(Story by Maria Blanchard, Fort Gordon Public Affairs Office)
A major Fort Gordon construction project reached a significant milestone on May 29.
The project, which is transforming the space once dominated by Signal Towers and buildings such as Alexander Hall, started with a groundbreaking in July 2020.
On May 29, leaders from the U.S. Army Cyber Center of Excellence (CCoE), U.S. Army Garrison Fort Gordon, Fort Gordon Director of Public Works, and the U.S. Army Corps of Engineers (USACE) gathered at the entrance of Military Construction Army (MCA) 1 for a formal facility transfer ceremony — a quiet but significant moment in Fort Gordon’s ongoing transformation into the nation’s premier hub for signal, cyber, and electromagnetic warfare training.
MCA 1 is part of the broader 35-project CCoE MEGA Program — an ambitious, multi-year initiative to physically reshape Fort Gordon into a world-class training and education environment. While MCA 1 is not the largest of the four Military Construction projects within the program, it is widely regarded as the most complex, a testament to the scale of vision and the difficulty of execution that characterized every phase of its development.

The ceremony itself was intentionally brief and informal — a standing outdoor gathering at the MCA 1 front door, centered on the formal signing of a DD Form 1354 transfer memorandum by the Garrison Commander and the Savannah District Engineer, followed by group photographs to mark the milestone for posterity.

Key participants included the CCoE and Fort Gordon Commanding General, Major Gen. Ryan Janovic, Fort Gordon Garrison Commander Col. Anthony Kazor, Savannah District Engineer Col. Ronald Sturgeon as well as members of the Program Delivery Team to include USACE, DPW and CCoE representatives, all dressed in OCPs or business casual attire befitting the working nature of the occasion.
In his remarks, Janovic extended sincere gratitude to Sturgeon and the USACE team for their coordination, technical expertise, and steadfast partnership throughout the project. Equal recognition was given to the dedicated Program Delivery Team — military personnel, civilian workforce members, and contract partners — who navigated years of construction challenges to bring MCA 1 to this point.

The acceptance of MCA 1 is not an endpoint, however. An extensive fit-out phase is scheduled to conclude in 2028, meaning the work of turning this facility into a fully operational training platform continues. The strategic purpose of MCA 1 reflects the evolving demands of modern warfare. Designed to serve as a state-of-the-art training platform, the facility will train Cyber and Electromagnetic Warfare Soldiers, NCOs, Officers, and Warrant Officers — equipping them with the skills necessary to support Large-Scale Combat Operations (LSCO).
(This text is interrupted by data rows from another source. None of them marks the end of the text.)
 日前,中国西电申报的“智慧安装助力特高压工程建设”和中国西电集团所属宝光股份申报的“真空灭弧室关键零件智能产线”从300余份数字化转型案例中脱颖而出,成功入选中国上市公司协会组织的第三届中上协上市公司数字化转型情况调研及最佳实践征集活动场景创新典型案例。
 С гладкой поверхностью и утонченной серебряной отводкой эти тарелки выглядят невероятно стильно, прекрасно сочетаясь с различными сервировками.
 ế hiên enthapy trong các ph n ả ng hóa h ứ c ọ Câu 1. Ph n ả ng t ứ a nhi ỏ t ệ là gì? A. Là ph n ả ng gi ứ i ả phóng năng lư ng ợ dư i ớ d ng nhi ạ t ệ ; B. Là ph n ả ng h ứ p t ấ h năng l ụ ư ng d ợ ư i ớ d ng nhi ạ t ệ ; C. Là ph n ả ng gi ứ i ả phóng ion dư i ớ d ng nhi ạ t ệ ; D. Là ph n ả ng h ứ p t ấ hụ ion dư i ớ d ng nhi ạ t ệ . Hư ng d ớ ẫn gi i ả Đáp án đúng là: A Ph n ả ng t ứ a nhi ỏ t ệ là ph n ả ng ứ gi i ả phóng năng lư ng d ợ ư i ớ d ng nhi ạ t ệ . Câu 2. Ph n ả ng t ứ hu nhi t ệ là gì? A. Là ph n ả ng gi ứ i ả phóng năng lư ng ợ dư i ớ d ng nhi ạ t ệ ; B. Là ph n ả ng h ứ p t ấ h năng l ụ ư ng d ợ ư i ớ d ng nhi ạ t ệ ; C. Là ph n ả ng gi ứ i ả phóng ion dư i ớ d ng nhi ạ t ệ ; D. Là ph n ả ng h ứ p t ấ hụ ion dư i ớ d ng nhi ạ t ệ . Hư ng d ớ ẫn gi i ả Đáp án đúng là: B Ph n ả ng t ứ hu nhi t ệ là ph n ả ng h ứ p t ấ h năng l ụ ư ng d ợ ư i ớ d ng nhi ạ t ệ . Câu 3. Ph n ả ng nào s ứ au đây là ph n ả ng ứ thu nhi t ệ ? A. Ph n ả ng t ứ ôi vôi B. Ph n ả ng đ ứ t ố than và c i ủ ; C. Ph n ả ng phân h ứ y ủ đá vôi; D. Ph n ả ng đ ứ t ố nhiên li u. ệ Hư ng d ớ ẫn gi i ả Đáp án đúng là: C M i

In an era where the electromagnetic spectrum and cyberspace are contested domains, facilities like MCA 1 are not luxuries — they are operational necessities.



This vision aligns directly with the broader transformation that Fort Gordon has been undergoing for years.
“The networks that go into it will allow us to do training at a level that is just far and above what we do today, and in a domain that is so dynamic like cyber, being able to train in that environment is absolutely critical,” Major Gen. John B. Morrison Jr., former CCoE Commanding General, said at an earlier groundbreaking ceremony for the CCoE campus:
Fort Gordon’s evolution into the Army’s cyber and signal epicenter did not emerge in a vacuum. It is the product of decades of institutional investment and proud heritage. The Signal Corps’ roots run deep, stretching back to figures like Major Gen. Adolphus Greely, who served as the Army’s Chief Signal Officer beginning in 1887 and expanded the nation’s communications capabilities through telegraph networks reaching Alaska, the Philippines, and the Caribbean. Greely would go on to become the Signal Corps’ fifth Medal of Honor recipient — a legacy honored even as Fort Gordon physically transformed around his memory.

The demolition of Greely Hall in an earlier phase of the CCoE campus transformation was itself a symbol of the tension between honoring that history and pressing boldly into the future. Opened in 1966 as part of the first Fort Gordon and Signal School reorganization the hall stood for decades before making way for the new campus.
“The plaque has been removed, and the name Greely Hall is retired, but Major Gen. Greely’s legacy will live on in each world-class signal, cyber, and electronic warfare soldier trained by the Cyber Center of Excellence,” said Morrison.
Approximately 20,000 Signal Corps and cyber soldiers train at Fort Gordon every year.